Space Marine Loki
Extinction Fleet Book 2
Sean-Michael Argo
Copyright 2017
by Sean-Michael Argo
Edited by TL Bland
www.severedpress.com
Table of Contents
Farewell Proud Men
The Hungry Dark
Trickster Creates the World
Angrboda
Lord of Misrule
Paper Targets
Phalanx
A Watery Grave
The Clutch
The Rig
A Storm without End
A Place Among the Pines
Wolves
Shapeshifters Walk Alone
Underworld
Death and Darkness
The All Change
Scorched Earth
The Center Cannot Hold
“They have seen my strength for themselves, have watched me rise from the darkness of war, dripping with my enemy's blood. I swam in the blackness of night, hunting monsters and killing them one by one; death was my errand and the fate they had earned.” - Beowulf, epic poem, author unknown, circa 700-1000 A.D.
THE HUNGRY DARK
In the half-light, it almost looked human.
And then it moved.
Camouflage was abandoned in an explosive revelation of teeth and claws.
Deputy Stratton screamed as he squeezed the trigger of his sub-machine gun, the weapon kicking wildly in his hands as it spit rounds from its short barrel.
The thing that was not a man ducked low to avoid most of the bullets, scuttling forward on limbs that now ended in pointed blades of hardened chitin. Somewhere behind the creature, in the murky glow of the underground drainage chamber, there was a shriek of pain and anger as the deputy's salvo managed to hit one of the other deputies.
Stratton scampered backwards, still firing, doing his best to track the nightmare with the barrel of his weapon.
"On your left!" came the desperate voice of Deputy Marcone.
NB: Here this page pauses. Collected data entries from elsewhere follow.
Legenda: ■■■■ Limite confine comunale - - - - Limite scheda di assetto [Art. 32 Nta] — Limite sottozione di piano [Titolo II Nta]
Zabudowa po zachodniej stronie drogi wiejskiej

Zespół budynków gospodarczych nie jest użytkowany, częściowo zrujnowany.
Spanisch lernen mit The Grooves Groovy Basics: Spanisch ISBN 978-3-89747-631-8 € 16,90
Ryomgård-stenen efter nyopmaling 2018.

Hearing it, Stratton hurled himself to the right and out of the way.
Marcone rushed into the chamber, emerging from a side tunnel already firing upon the creature. The small caliber rounds didn’t damage the thing much individually, but as Marcone continued shooting, the sheer volume of rounds did the job. By the time the deputy's magazine clicked empty Stratton had been able to regain his footing and draw a bead on the wounded monster. Three rapid bursts from his weapon at point-blank range wiped the creature's sickeningly humanoid face from existence. The sight of it, however, was burned permanently into Stratton's mind.
"Where's Bowski?" asked Stratton as he and Marcone rapidly swapped out their empty magazines.
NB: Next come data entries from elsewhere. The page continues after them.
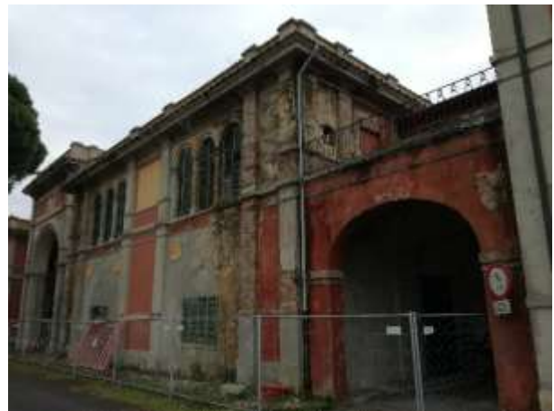
Vista edificio 1 ad est Arcone (lato frontale e tergale)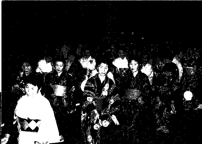
▶浴衣姿で民謡流し…

〒949-84 中里村大字田原2-1-18 電話 0110-257(63)3111 FAX 0110-257(63)2044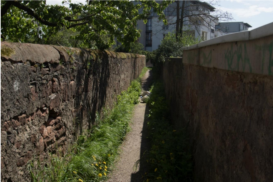
Foto 7: Bruchsteinmauer entlang der Parfümgasse (24.04.2019).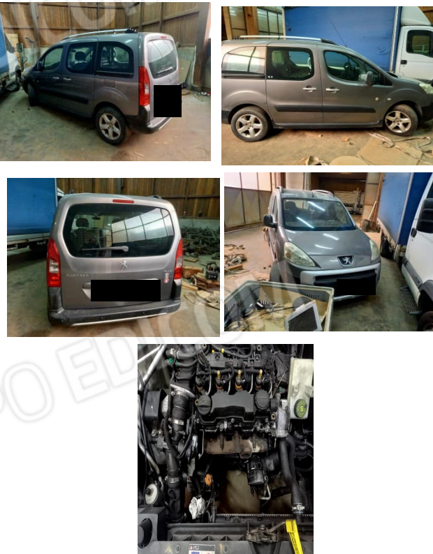
AUTOVETTURA TARGA [REDACTED]

NOTA: MACCHINA NON MARCIANTE, TURBINA MOTORE ROTTA

"Bowskiiii..." From the darkness of the drainage chamber
rasped a voice that could not possibly be considered human any longer. from the darkness of the drainage chamber.
Marcone saw it before Stratton and raised his sub-machine gun to unleash with full-auto. In the muzzle flash strobe light of Marcone's fury, Stratton caught a brief glimpse of a giant armored form.
It stood nearly seven feet tall, or it would have, had it not been so clearly stooped to avoid scraping its head against the ceiling. Sparks flew as the small caliber rounds were deflected by the unknown enemy's armor. Stratton raised his weapon to fire just as the armored assailant launched its own counterattack.
In an eyeblink, the enemy leapt from its position, revealing powerful double-jointed legs, but it stayed low to get out of the field of fire instead of attempting to pounce on the two deputies.
Stratton felt a sickening jolt of recognition when he saw the enemy's armor, though he couldn’t quite place it in the heat of the moment.
The hesitation gave the enemy all the time it needed.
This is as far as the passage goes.